PINCH-1 is a cytoplasmic component of the cell-extracellular matrix (ECM) adhesion machine that is frequently overexpressed in cancer. The functions and mechanism of PINCH-1 in cancer, however, remain to be determined. Here, we show that PINCH-1 interacts with myoferlin, a transmembrane protein that is critical for cancer progression. High expression of both PINCH-1 and myoferlin correlates with poor clinical outcome in human breast cancer patients. Ablation of PINCH-1 from breast cancer cells diminished myoferlin level and suppressed breast cancer cell proliferation, migration, and endothelial cell tube formation in vitro and breast tumor growth, angiogenesis and metastasis in vivo. Mechanistically, PINCH-1 controls myoferlin level through its interaction with myoferlin and regulation of its ubiquitination and proteasome-dependent degradation. Functionally, re-expression of PINCH-1, but not that of a myoferlin-binding defectiveΔLIM2 mutant, effectively reversed the inhibition of myoferlin expression and breast cancer progression induced by loss of PINCH-1. Finally, restoration of myoferlin expression was sufficient to reverse PINCH-1-deficiency induced inhibition on breast cancer progression. These results reveal a PINCH-1-myoferlin signaling axis that is critical for breast cancer progression and suggest a new strategy for therapeutic control of breast cancer.

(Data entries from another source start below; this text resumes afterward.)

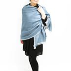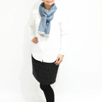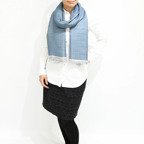 スタンダードな大判サイズで、首に巻くことはもちろん、室内でのひざ掛けにも、肩から羽織る使い方もできます。上半身を覆えるので、着ている服を気にせず合わせることができます。忙しい朝もコーディネートを気にする必要はありません。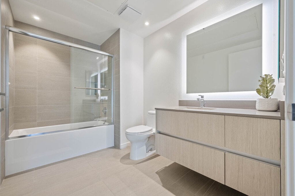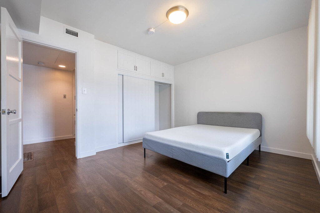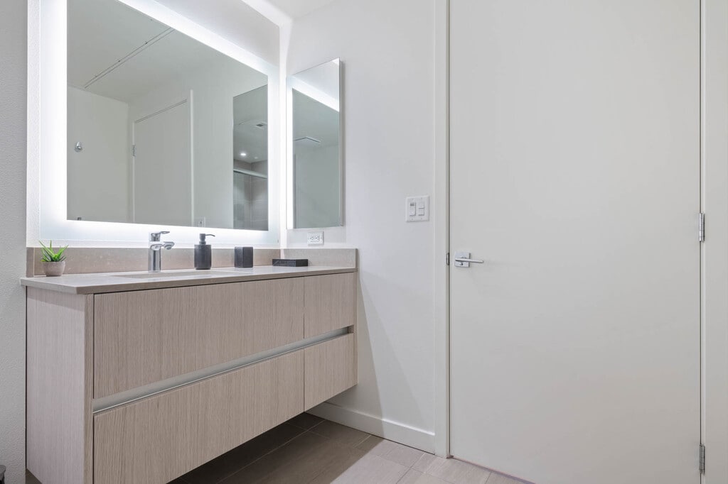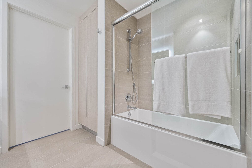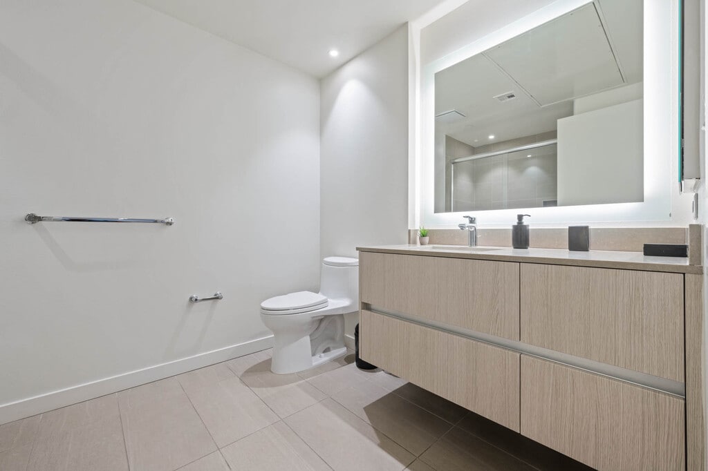 Enjoy modern living in a private room within a brand-new shared home. Central air and heat, large windows and recessed lighting brighten the space, a spacious balcony, shared gourmet kitchen featuring stainless steel appliances, quartz counters, custom cabinets, and an oversized fridge. Enjoy a walk-in closet, luxe shared bath, $35/month bundled utilities, in-unit laundry, and resort-style amenities. *MODEL UNIT SHOWN - Details may vary*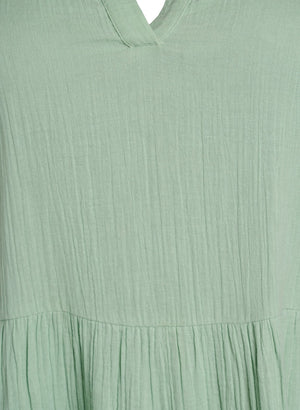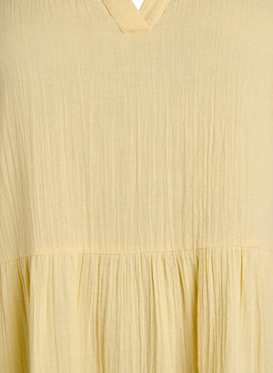 Túnikan er með stuttum ermum, V-hálsmáli og sætu blúnduskrauti við hálsmálið.

PINCH-1 是细胞-细胞外基质 (ECM) 粘附机器的细胞质成分，在癌症中经常过度表达。然而，PINCH-1在癌症中的功能和机制仍有待确定。在这里，我们展示了 PINCH-1 与肌铁蛋白相互作用，肌铁蛋白是一种对癌症进展至关重要的跨膜蛋白。PINCH-1 和肌铁蛋白的高表达与人类乳腺癌患者的不良临床结果相关。从乳腺癌细胞中去除 PINCH-1 可降低肌铁蛋白水平并抑制体外乳腺癌细胞增殖、迁移和内皮细胞管形成以及体内乳腺肿瘤生长、血管生成和转移。从机制上讲，PINCH-1 通过其与肌铁蛋白的相互作用以及调节其泛素化和蛋白酶体依赖性降解来控制肌铁蛋白水平。在功能上，PINCH-1 的重新表达，而不是肌铁蛋白结合缺陷的ΔLIM2 突变体的重新表达，有效地逆转了由 PINCH-1 缺失诱导的肌铁蛋白表达和乳腺癌进展的抑制。最后，肌铁蛋白表达的恢复足以逆转 PINCH-1 缺陷诱导的乳腺癌进展抑制。这些结果揭示了一个对乳腺癌进展至关重要的 PINCH-1-myoferlin 信号轴，并提出了一种治疗控制乳腺癌的新策略。肌铁蛋白表达的恢复足以逆转 PINCH-1 缺陷诱导的乳腺癌进展抑制。这些结果揭示了一个对乳腺癌进展至关重要的 PINCH-1-myoferlin 信号轴，并提出了一种治疗控制乳腺癌的新策略。肌铁蛋白表达的恢复足以逆转 PINCH-1 缺陷诱导的乳腺癌进展抑制。这些结果揭示了一个对乳腺癌进展至关重要的 PINCH-1-myoferlin 信号轴，并提出了一种治疗控制乳腺癌的新策略。